Chakraborty, Choudhary, and Kumar De: Significance of frequent spirometry test in treated pulmonary tuberculosis patients in tertiary care teaching hospital


Tuberculosis is the most important communicable disease, which represents a worldwide general problem and stays the main source of death among infectious diseases, particularly in undeveloped and developing countries.1 Pulmonary tuberculosis (PTB) is the most common type of tuberculosis causing >85% of all tuberculosis cases. All over world, around 1.9 billion persons, that is almost 33% of total populace are assessed to be contaminated with mycobacterium tuberculosis.2 It has been discovered that without therapy, TB has characteristic persistent irritation and has a death pace of half inside five years.3 Although standard anti-TB treatment is highly effective, but after completion of treatment for pulmonary TB, around 66% of patients were found to have pulmonary function abnormalities, with obstructive deformity being the principle abnormality. 4

Airflow obstruction has numerous causes, Pulmonary TB, which can be a reason for this, has not been concentrated in detail, especially in non-smokers. Post tuberculosis pulmonary impairment debilitation has arisen as a particular clinical substance, which is practically vague from other forms.5 During the therapy period of dynamic PTB, lung function impairment is normally prohibitive, this may endure, resolve or become obstructive in nature.6 A connection between Pulmonary TB and the improvement of persistent wind current obstacle has been proposed in a report, autonomous of other commonest risk factors for instance smoking.7, 8, 9, 10, 11, 12, 13

With the rising infection weight of pulmonary TB and COPD, it is imperative to learn about the idea of the connection among tuberculosis and the ensuing advancement of persistent wind current impediment. Non-smoking danger variables of COPD have all the earmarks of being particularly significant in non-industrial nations, where TB is probably going to represent countless these cases.

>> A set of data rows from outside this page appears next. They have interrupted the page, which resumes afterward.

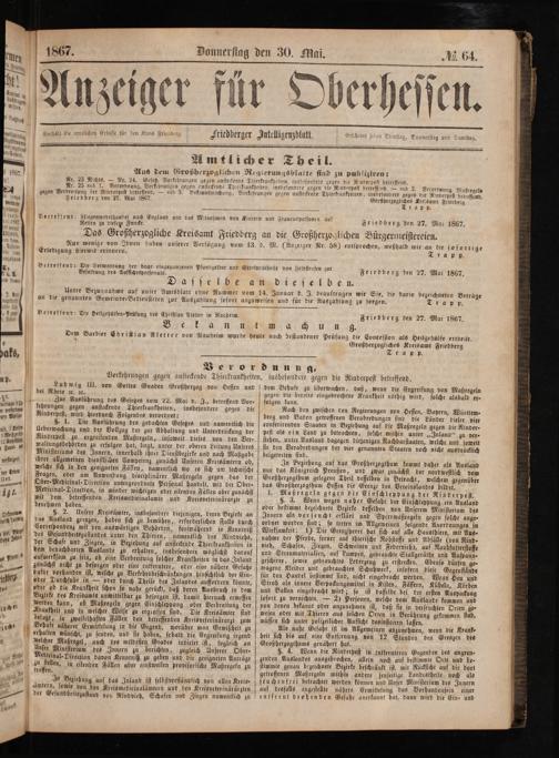 Anzeiger für Oberhessen. 1866-1868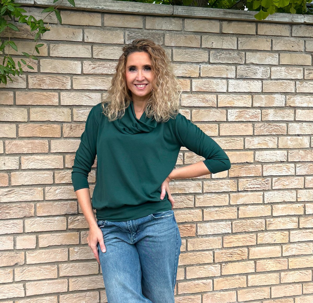 Rolák s 3/4 rukávem je ušitý ze středně silného směsového úpletu (68%vis/28%Pes/4%ela). V pase je stažený do širokého lemu.
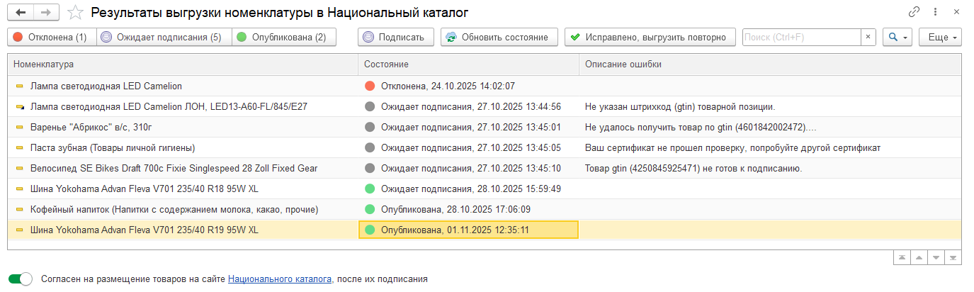 Эти статусы отображаются в нижней части формы Выгрузка данных номенклатуры и в форме Результаты выгрузки номенклатуры в Национальный каталог. Статус Принята соответствует как карточкам, ожидающим подписания в личном кабинете национального каталога, так и подписанным и опубликованным карточкам.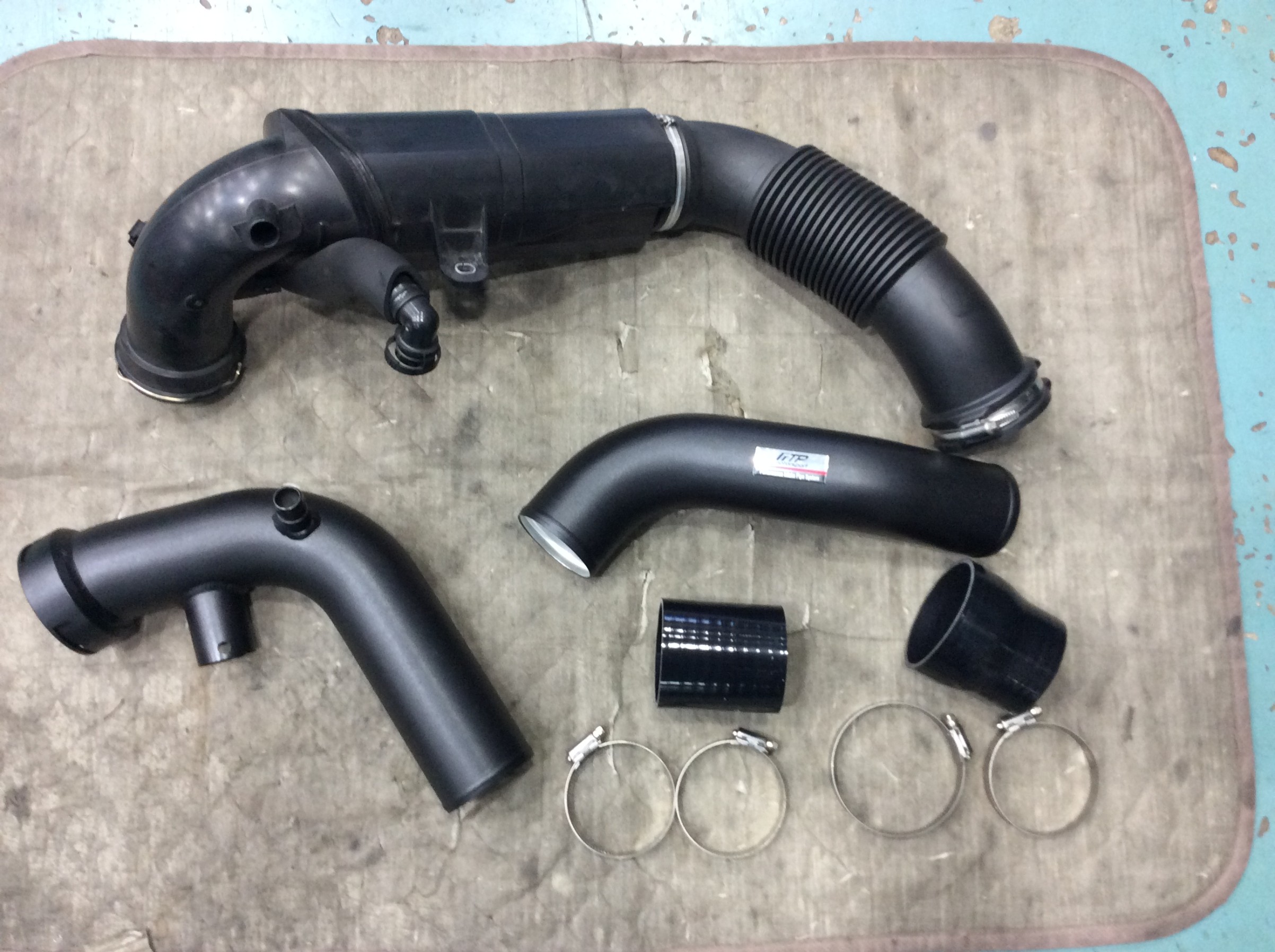 先日、チャージパイプ&ブーストパイプを交換させていただいたのですが、交換後にとっても効果を実感できたとの事で、前回同様にFTP motorsportさんのインテークパイプを追加で交換させてもらう事に。

As in our area no such study has been carried out in recent past, we decided to conduct a prospective hospital based observational study, of one year duration .The study would include patients from local population, having recent or past history of one episode of pulmonary tuberculosis and completed adequate anti-tubercular therapy, non-smoker, attending out-patient department (OPD) for routine follow up with symptoms like cough, with or without expectoration, chronic exertional dyspnea, where other causes of chronic dyspnea should be ruled out.

Materials and Methods

It was a prospective, observational, hospital based study conducted in the department of Respiratory Medicine, IPGMER SSKM Hospital, Kolkata, India from January 2020 to December 2020 Approval of IEC were obtained and patients consent were received. A total of 80 cases, with history of adequately treated one episode of PTB were included in this study.

Inclusion criteria

  1. Age – 18 to 70 years

  2. Sex – both male and female

  3. Patients with definite (recent or past) history of single episode Pulmonary Tuberculosis (PTB), who had been adequately treated (with optimum dose and 6 months duration) with standard anti-tubercular therapy (ATT).

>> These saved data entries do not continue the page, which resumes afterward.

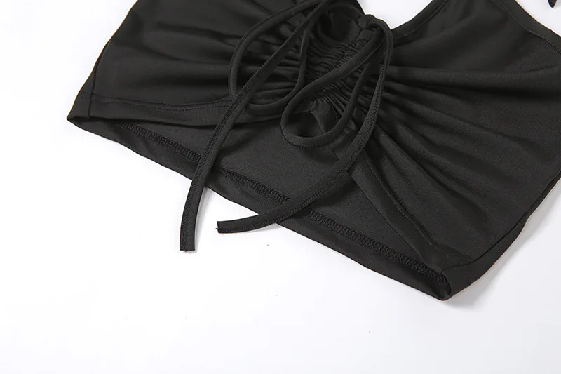 Шнурок с рюшами с резным узором с лямкой на шее футболка и шорты Комплект из двух предметов, комплект с сумкой в цвет, наборы для ухода за кожей повязки наряд завязки Топ Повседневное одноцветное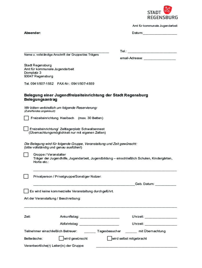 Amt for communal JugendarbeitAbsender:Datum:______Tel.: ___Name u. vollstndige Antichrist her Grippe/DES TrgersemailAdresse: ___ Start Regensburg Amt for communal Jugendarbeit Complete 3 93047 Regensburg
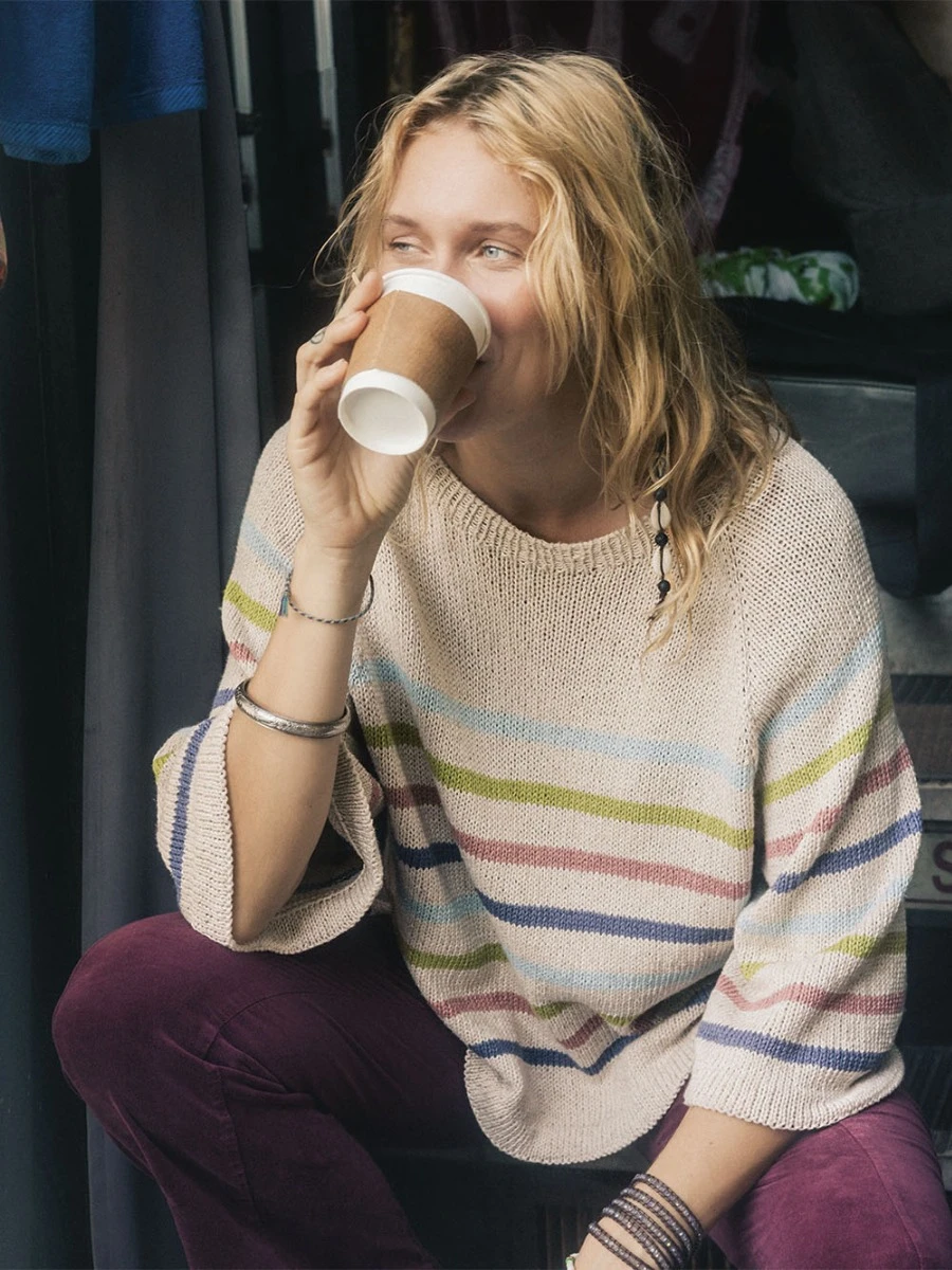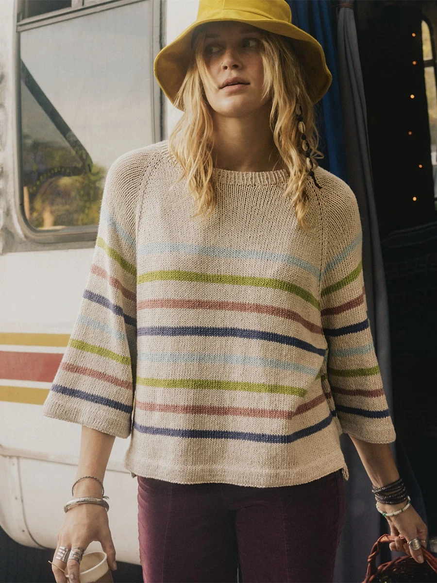Genseren strikkes ovenfra og ned med stripemønster og økninger til raglan i Line.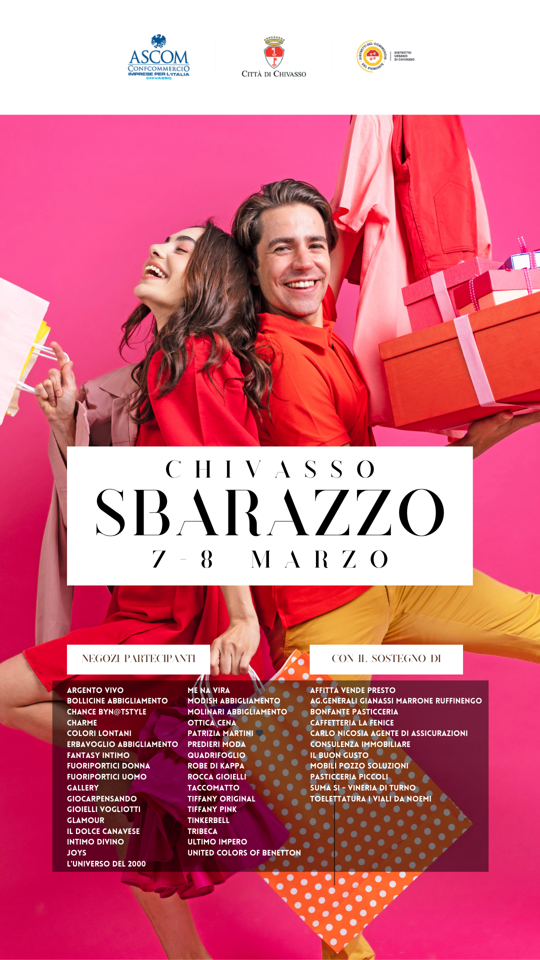 L’iniziativa, organizzata da Ascom Confcommercio Chivasso con il patrocinio della Città di Chivasso e la collaborazione del Distretto Urbano del Commercio, coinvolgerà 45 attività commerciali pronte a proporre le migliori occasioni di fine stagione insieme alle prime novità primaverili.

  4. Stable ambulatory patients, who presented with variable symptoms and sign:

  5. With or without cough, with variable amount of expectoration.

  6. With or without chronic exertional dyspnea.

  7. With or without sign of auscultatory wheeze.

Exclusion criteria

  1. Extrapulmonary TB, disseminated/miliary TB, tubercular pleural effusion.

  2. Serious comorbid conditions – recent Myocardial infarction, congestive heart failure, recent bilateral pneumonia, acute exacerbation of bronchial asthma and Chronic Obstructive Pulmonary Disease, Interstitial Lung diseases, neoplastic diseases, Human Immunodeficiency Virus infection.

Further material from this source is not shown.